# Melco tearing my T-shirts



## Daddyof4 (Aug 23, 2011)

We've posted the numerous issues we've had with our Melco on here. They did send a tech from 400 miles away but he was a nice guy but he didn't fix it. Nothing was solved. Now they are sending another one on Monday. And now another issue popped up in recent couple of months is perforated T shirts. We use top quality Monag shirts but lately they are perforating and the stitching looks awful. We've already contacted Monag and they said they have changed nothing in their production at all. My wife has been in sewing for over 20 years and she can't tell any difference in the shirts. 

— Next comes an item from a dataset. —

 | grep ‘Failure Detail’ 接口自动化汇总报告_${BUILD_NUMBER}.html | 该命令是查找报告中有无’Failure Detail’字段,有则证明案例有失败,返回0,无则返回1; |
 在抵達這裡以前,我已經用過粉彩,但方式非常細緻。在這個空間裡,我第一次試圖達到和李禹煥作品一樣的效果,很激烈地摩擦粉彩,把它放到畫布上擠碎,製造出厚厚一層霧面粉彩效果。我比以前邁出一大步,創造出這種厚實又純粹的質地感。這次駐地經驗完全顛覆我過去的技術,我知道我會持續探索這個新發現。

We've added cut away stabilizer, adjusted bobbin tensions, changed needles, changed threads, raised the foot up and down, did all the default stuff with no help. I am attaching pictures. If any of you own a Melco maybe you can help me figure out what's going on. We are backed up on orders and now can't produce a shirt until this is fixed. 

This first pic shows the tears we are finding around the stitching even with cutaway stabilizer. Melco has seen the designs and said they are digitized correctly.

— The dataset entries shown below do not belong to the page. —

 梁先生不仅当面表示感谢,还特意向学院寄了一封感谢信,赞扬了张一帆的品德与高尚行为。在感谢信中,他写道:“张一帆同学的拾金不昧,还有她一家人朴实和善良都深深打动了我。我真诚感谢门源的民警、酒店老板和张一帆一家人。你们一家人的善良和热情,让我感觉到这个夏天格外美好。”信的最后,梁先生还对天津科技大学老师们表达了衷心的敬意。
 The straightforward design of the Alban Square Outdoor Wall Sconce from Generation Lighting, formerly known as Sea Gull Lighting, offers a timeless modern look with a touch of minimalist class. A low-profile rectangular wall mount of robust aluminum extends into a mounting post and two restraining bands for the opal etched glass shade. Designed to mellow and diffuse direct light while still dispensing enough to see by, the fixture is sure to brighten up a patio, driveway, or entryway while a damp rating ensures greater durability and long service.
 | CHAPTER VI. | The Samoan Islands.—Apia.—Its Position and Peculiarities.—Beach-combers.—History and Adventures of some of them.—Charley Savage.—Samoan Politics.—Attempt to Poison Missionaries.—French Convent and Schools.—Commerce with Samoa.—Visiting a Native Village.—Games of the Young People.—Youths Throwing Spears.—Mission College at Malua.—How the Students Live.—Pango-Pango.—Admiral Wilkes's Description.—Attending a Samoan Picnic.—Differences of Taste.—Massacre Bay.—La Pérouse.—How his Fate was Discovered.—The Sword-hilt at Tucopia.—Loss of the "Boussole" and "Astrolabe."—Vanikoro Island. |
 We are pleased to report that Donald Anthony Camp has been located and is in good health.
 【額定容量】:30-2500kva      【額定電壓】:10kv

Here you see how awful the satin stitching looks, not smooth at all and obviously strained.










Here is a tear around the font.










Here is a loop from the thread breaking, we set it back up and it loops when it starts.

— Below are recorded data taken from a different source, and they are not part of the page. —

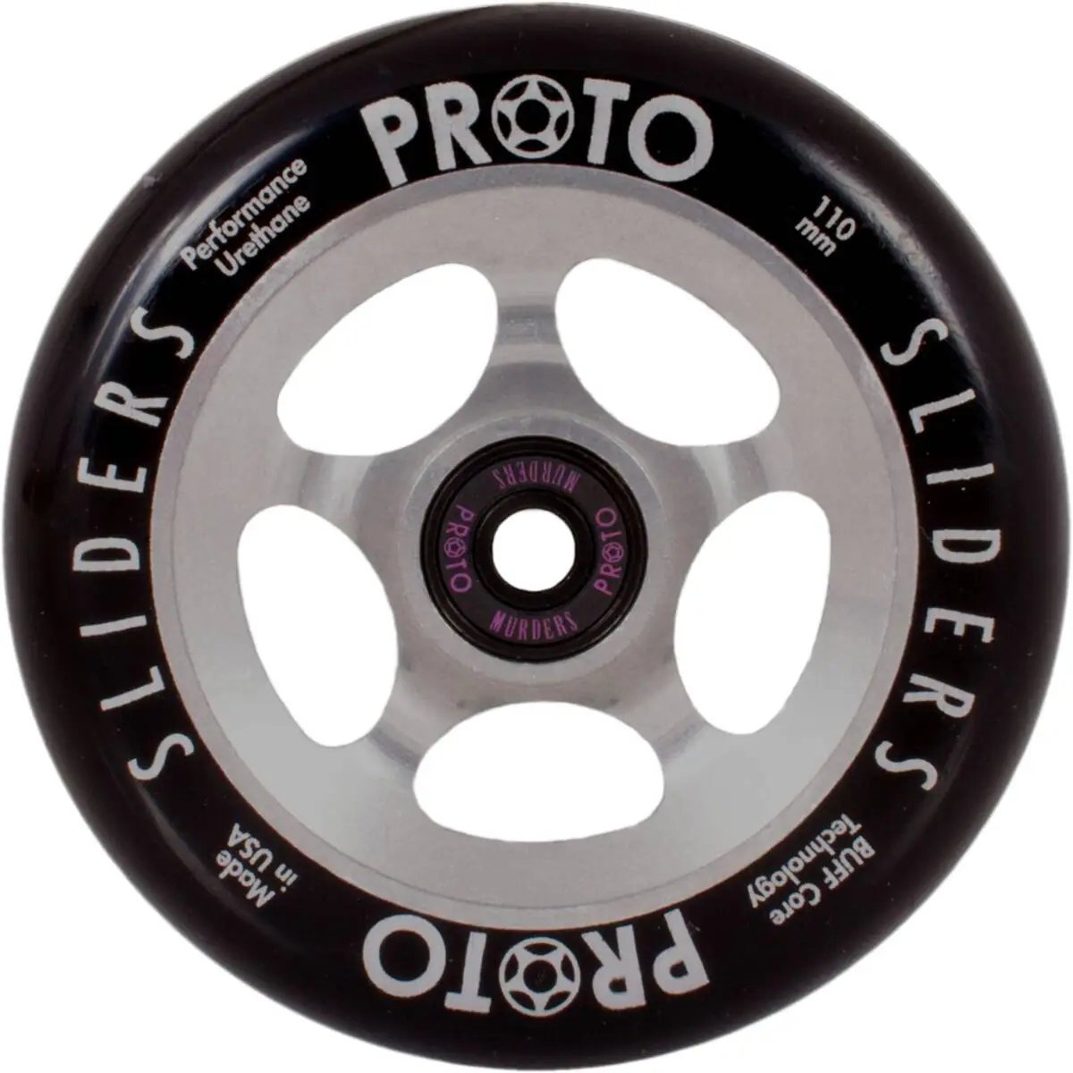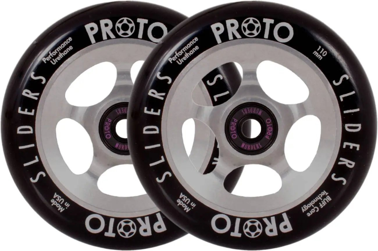 Más duro, más fuerte y más duradero. Así formularíamos las ruedas Slider de la mítica marca PROTO. Las ruedas se fabrican en EE . UU. Gracias a la tecnología de núcleo BUFF , que ayuda a absorber los golpes, se reduce la posibilidad de que la rueda se desviste y el viaje en sí es más cómodo . El centro de la rueda es de aluminio . También hay orificios más pequeños en el espacio del cojinete para que los cojinetes puedan sacarse fácilmente.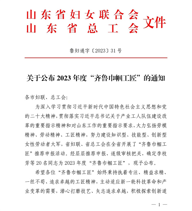 導(dǎo)讀:近日,山東省婦女聯(lián)合會(huì)、山東省總工會(huì)發(fā)布了“關(guān)于公布2023年度‘齊魯巾幗工匠’的通知”,公司染化料配制工郭冬梅名列其中。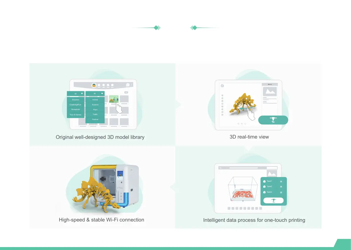 Well-designed 3D model library in four categories.

And here is the back of the garment.


----------



## philipfirth83 (Aug 17, 2012)

Hi, Don't think it has anything to do with the machine, Think embroidered t-shirts look like this and can cause holes as well.

Some people wont embroider onto t-shirts because of this.

I found using a 65/9 ball point reduces it but doesnt stop it completely.

Sure someone will be able to explain it better soon.


----------



## richt74 (Feb 11, 2011)

Personally by the look of the photos you have attached I would say the needles are not sharp and could be blunt. I know you have said that you have changed the needles but may be catching on something under the plate making them rough. What underlay have you used also as this will make a difference. Have you tried embroidering the same design on a different garment to see if you get the same results other than t shirt material. If you want send me the file and I can run a sample off for you on t shirt material and compare them?
Rich


----------



## zoom_monster (Sep 20, 2006)

For both types of fabrics shown, I would try lowering the top stitchdensity slightly, using one or two courses of edge underlay at about 4 pt from the edge(including any pull comp). If the density seems sparse I would make it up with a zig-zag of about a quarter density of the top stitching and also using intermediate stitches in the tight corners of anything over 3mm wide.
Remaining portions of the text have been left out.